Please copy the lines below, exactly as they are, from the one with "在蘋果的這份專利文件中描述了" through the one with "- Analyze performance: Track", and leave out the pictures.
++++
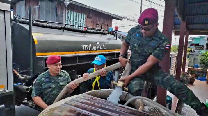 กองพันรบพิเศษที่ 2 กรมรบพิเศษที่ 1 (รพศ.1 พัน.2) ค่ายวชิราลงกรณ์ จัดกำลังพลชุดปฏิบัติการพลเรือน กองพันประจำอำเภอ และกำลังพลจิตอาสาพระราชทาน จำนวน 6 นาย พร้อมด้วยรถยนต์บรรทุกน้ำ ขนาด 6,000 ลิตร ของหน่วย จำนวน 1 คัน ในนามศูนย์บรรเทาสาธารณภัย กองพันรบพิเศษที่ 2 กรมรบพิเศษที่ 1 ร่วมกับ เทศบาลตำบลดีลัง ออกแจกจ่ายให้กับประชาชนที่ได้รับความเดือดร้อน บริเวณพื้นที่หมู่ที่ 2 หมู่ที่ 3 และหมู่ที่ 6 ตำบลดีลัง อำเภอพัฒนานิคม จังหวัดลพบุรี ต่อเนื่องเป็นสัปดาห์ที่ 2 โดยใช้แหล่งน้ำดิบบริเวณอ่างเก็บน้ำเขาน้อย ซึ่งเป็นแหล่งน้ำดิบที่ใช้ในการผลิตระบบประปาผิวดิน ซึ่งปัจจุบัน ปริมาณแหล่งน้ำดิบดังกล่าว ไม่เพียงพอต่อการผลิตประปา เนื่องจากเกิดปัญหาภัยแล้ง ในพื้นที่ฝนตกน้อยกว่าที่คาดการณ์ ทำให้ประชาชนได้รับความเดือดร้อนเป็นอย่างมาก โดยหน่วยได้ให้การสนับสนุนรถยนต์บรรทุกน้ำ จำนวน 12 เที่ยว เที่ยวละ 6,000 ลิตร รวมปริมาณน้ำ 72,000 ลิตร เพื่อทำการแจกจ่ายน้ำอุปโภค บริโภค ให้กับประชาชนที่ประสบปัญหาภัยแล้ง ทำให้ภาชนะกักเก็บน้ำสำรองในแต่ละครัวเรือน รวมถึงถังน้ำกลางในหมู่บ้าน เริ่มแห้งขอด เพื่อแก้ปัญหาภัยแล้งที่เกิดขึ้นในปัจจุบันตามนโยบายของกองทัพบก ในโครงการ “ราษฎร์ รัฐ ร่วมใจช่วยภัยแล้ง” ประจำปี 2569 และได้เข้าประชาสัมพันธ์ให้ประชาชนได้รับทราบ และเข้าใจถึงสถานการณ์น้ำในปัจจุบัน ตลอดจนการใช้น้ำอย่างไรให้ได้ประโยชน์จากน้ำอย่างคุ้มค่า
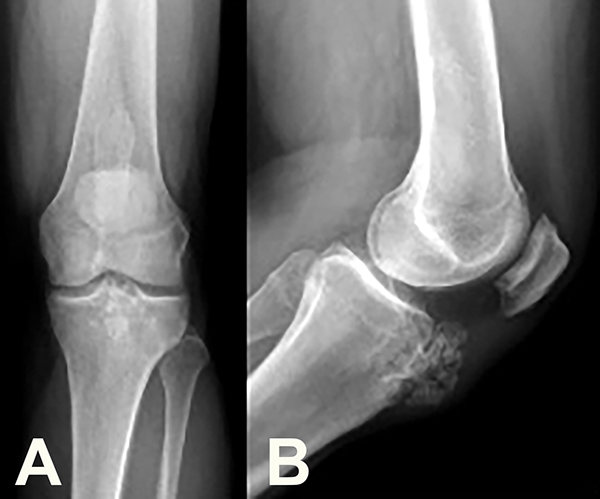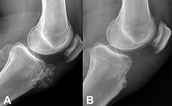 Figura 9: Imagen de radiografía comparativa preoperatoria (a) y a los tres meses postoperatorios (b). Nótese la resección completa de la tumoración preservando la altura rotuliana.
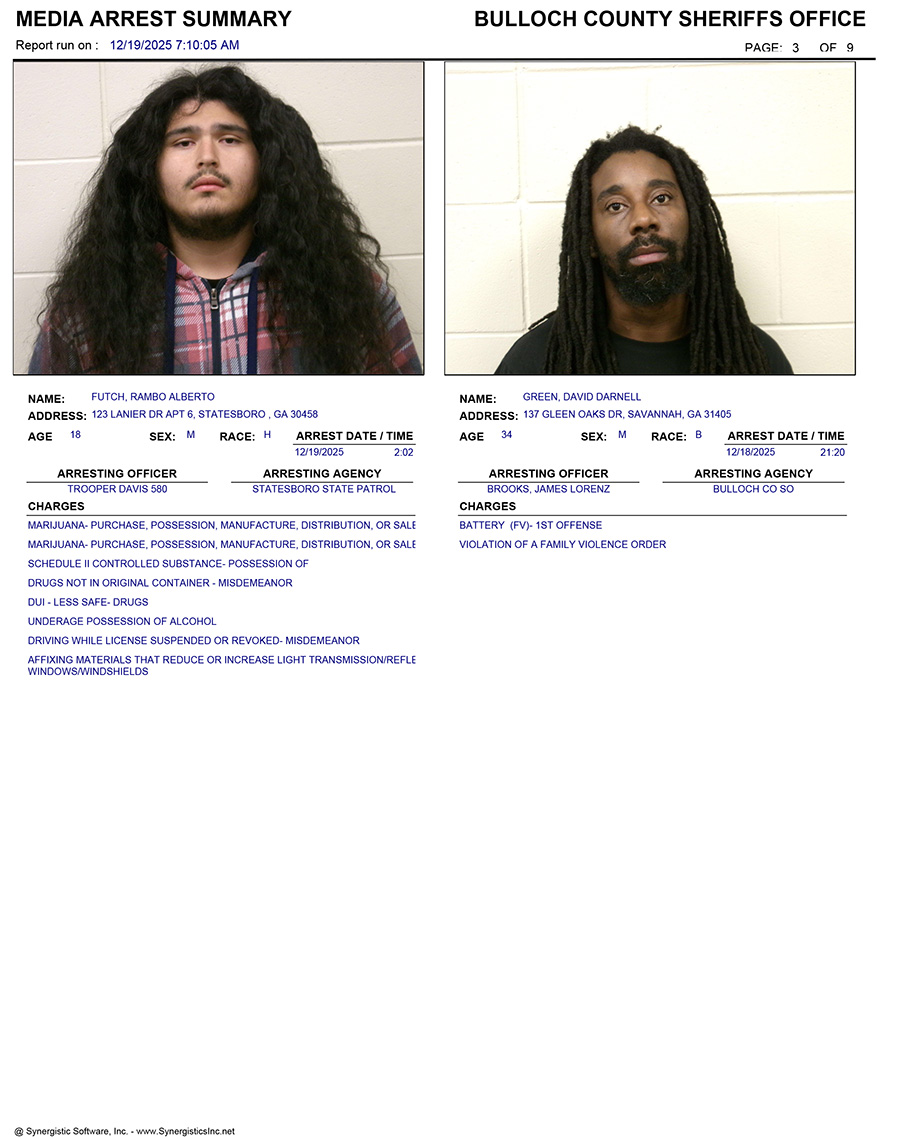 These records are matters of public information provided by the Bulloch County Sheriff’s Office. Booking reports are details of arrests only. All persons below are considered to be innocent unless proven otherwise in a court of law.
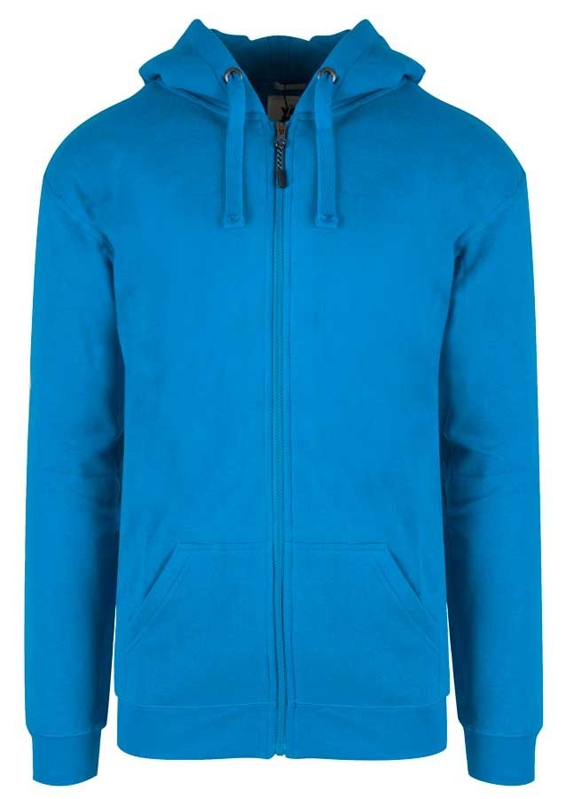 Dejlig hættejakke i turkis. Jakken er dobbelt jersey strikket og med børstet blød inderside. Der er rib-kant på ærmer og forneden på jakken og ribben er med lycra.
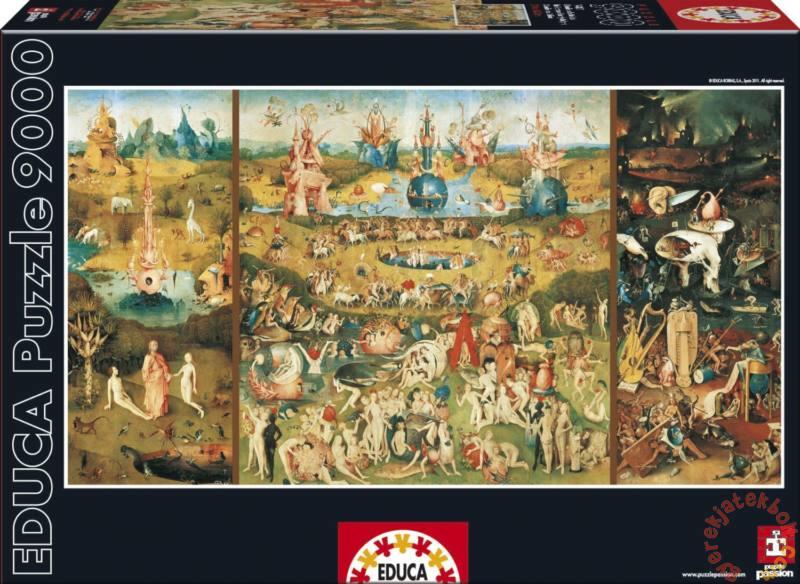 Puzzle gyerekeknek és felnőtteknek The Garden Of Earthly Delights motívumban a középkori festő, Hieronymus Boscha -tól . A képkirakón Földi örömök kertje látható. A képen különböző földi öröm látható, melyeknek az emberek nemtudnak ellenállni. A csomag 9000 drb elemet tartalmaz. Puzzle nagyobbaknak összeillesztés után egy képet jelenít meg. A puzzle elemei minőségi
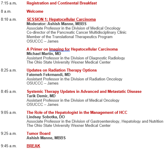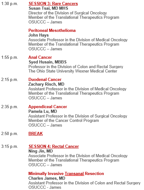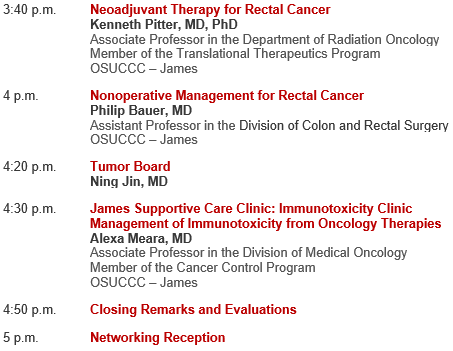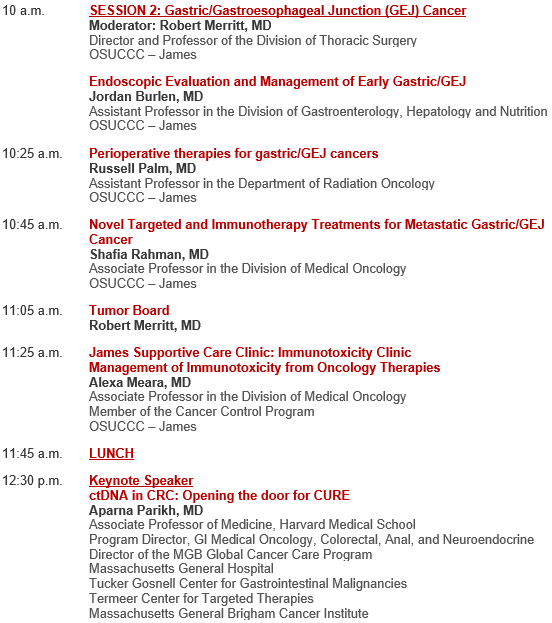With the abundance of new practice-changing data, it is challenging for OSU and community oncology physicians and allied healthcare providers to stay up to date in the management of GI oncology patients and to implement these changes in clinical practice to improve patient care. Treatment options and clinical guidelines are modified year-round at specialty conferences and by national committees. This GI Oncology Symposium will provide a forum to summarize the key takeaways from other conferences and ensure physicians and providers are equipped to provide optimal care for their patients.
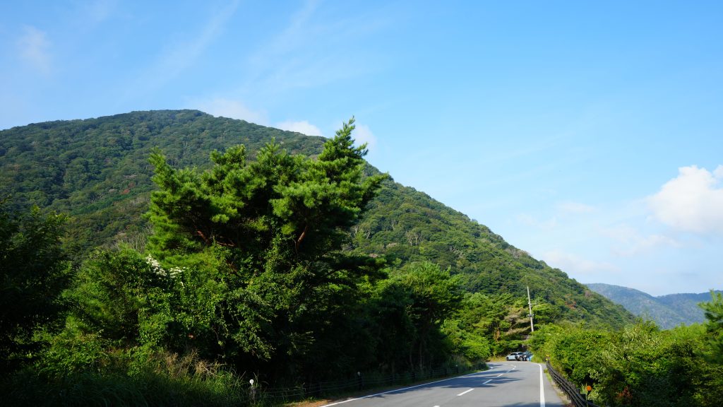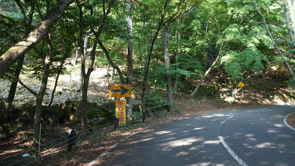 少し進んで、木陰に入って、すぐ。左側に階段が見えるでしょうか?あそこが登山口です。
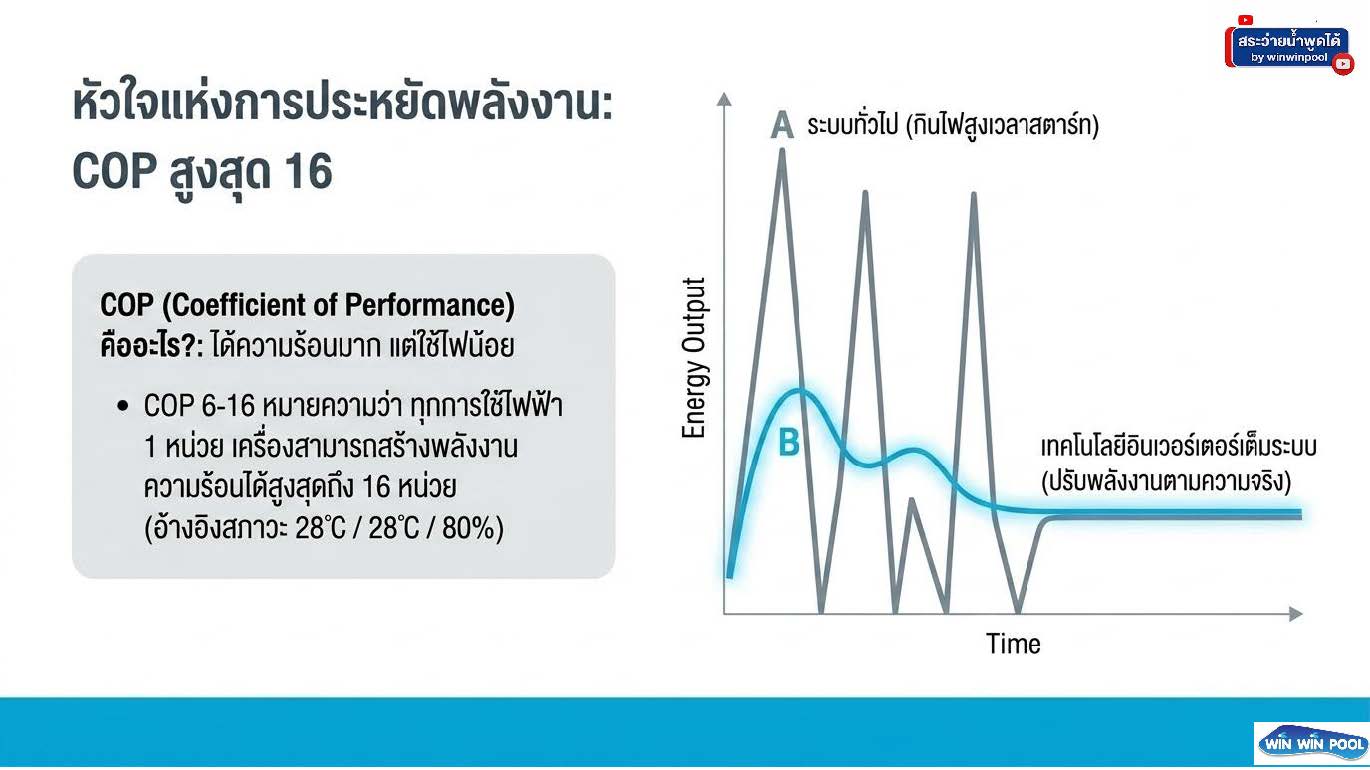 เครื่องทำอุ่นสำหรับสระว่ายน้ำ ด้วยระบบถ่ายเทความร้อนประสิทธิภาพสูง ผสานเทคโนโลยีควบคุมการทำงานแบบอินเวอร์เตอร์เต็มระบบ
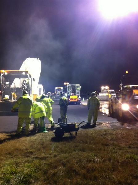 The night crew resurfacing the runway and using iPads to help perform the work. #neatpic.twitter.com/N4ZXSRWe
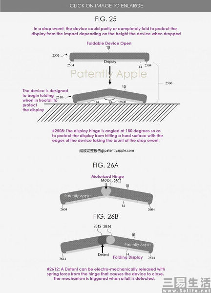 在蘋果的這份專利文件中描述了這樣一個(gè)技術(shù),即通過在設(shè)備中使用的傳感器來檢測(cè)豎向加速度,以確定設(shè)備是否已經(jīng)掉落。如果加速度超過設(shè)定的閾值時(shí),則意味著設(shè)備已經(jīng)掉落,其柔性屏之間鉸鏈連接的釋放機(jī)制就將被激活,讓設(shè)備可以實(shí)現(xiàn)自動(dòng)折疊。
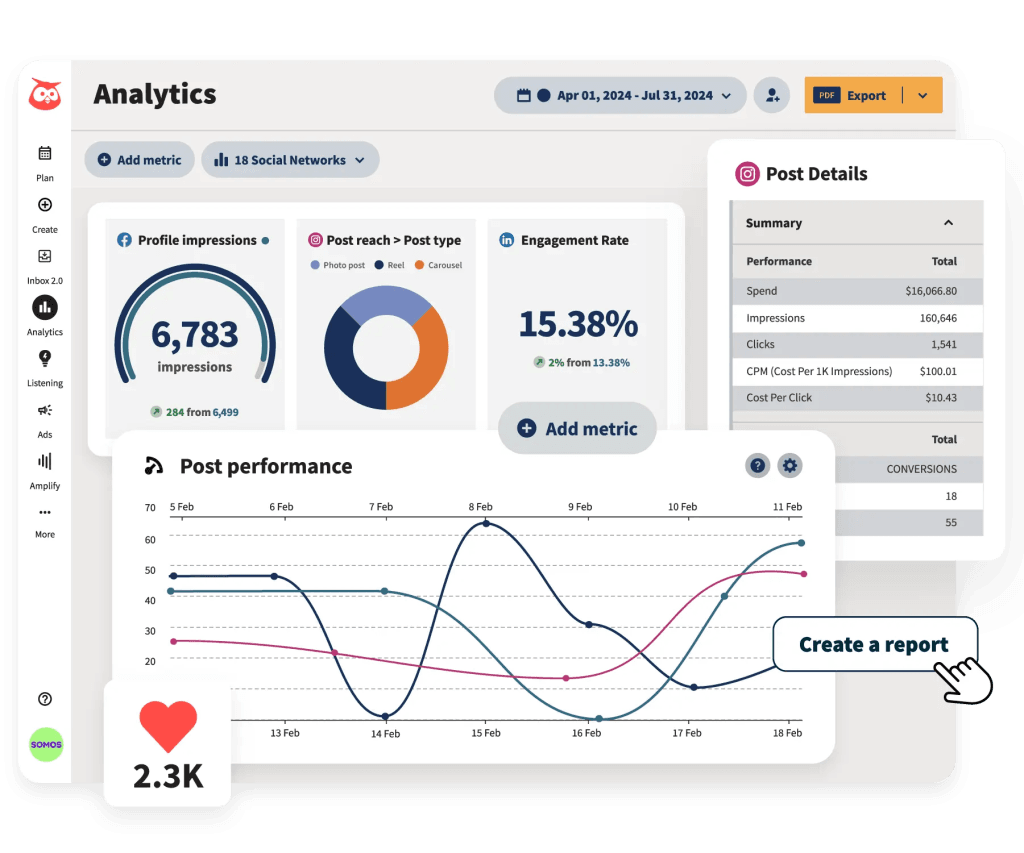 - Analyze performance: Track engagement, impressions, clicks, follower growth, website traffic, and more, with detailed historical and real-time analytics.
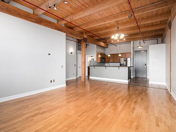 Fantastic opportunity in Baker Lofts- Main Floor, close to entrance, 2 bedroom condo that includes a GARAGE and additional storage closet! Exposed Brick, wood floors, soaking tub, Stainless Kitchen appliances, NEW refrigerator & dishwasher, washer/dryer, and wood flooring. Love the modern urban condo living at its finest. Amenities include patio, grills, theatre room, pool table room, conference room! Salon on site and gym that you can join. All available to you!
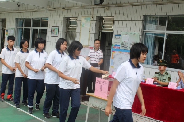 在典礼的最后,为了响应坦洲镇“扶贫济困,献出爱心”的号召,该校结合自己实际,还开展了“三中学子献爱心”活动,活动过程中,全校师生踊跃参与,献出自己的一份爱心。
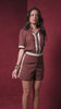 Conjunto de camisa de mangas curtas e short no tom marrom, elegante e moderno. A camisa possui gola clássica, fechamento por botões e detalhes em acabamento contrastante que valorizam o design. O short tem modelagem confortável com bolsos e detalhes laterais que harmonizam com a camisa, formando um conjunto sofisticado e cheio de estilo.
++++
THE ANSWER:
 在蘋果的這份專利文件中描述了這樣一個(gè)技術(shù),即通過在設(shè)備中使用的傳感器來檢測(cè)豎向加速度,以確定設(shè)備是否已經(jīng)掉落。如果加速度超過設(shè)定的閾值時(shí),則意味著設(shè)備已經(jīng)掉落,其柔性屏之間鉸鏈連接的釋放機(jī)制就將被激活,讓設(shè)備可以實(shí)現(xiàn)自動(dòng)折疊。
 - Analyze performance: Track engagement, impressions, clicks, follower growth, website traffic, and more, with detailed historical and real-time analytics.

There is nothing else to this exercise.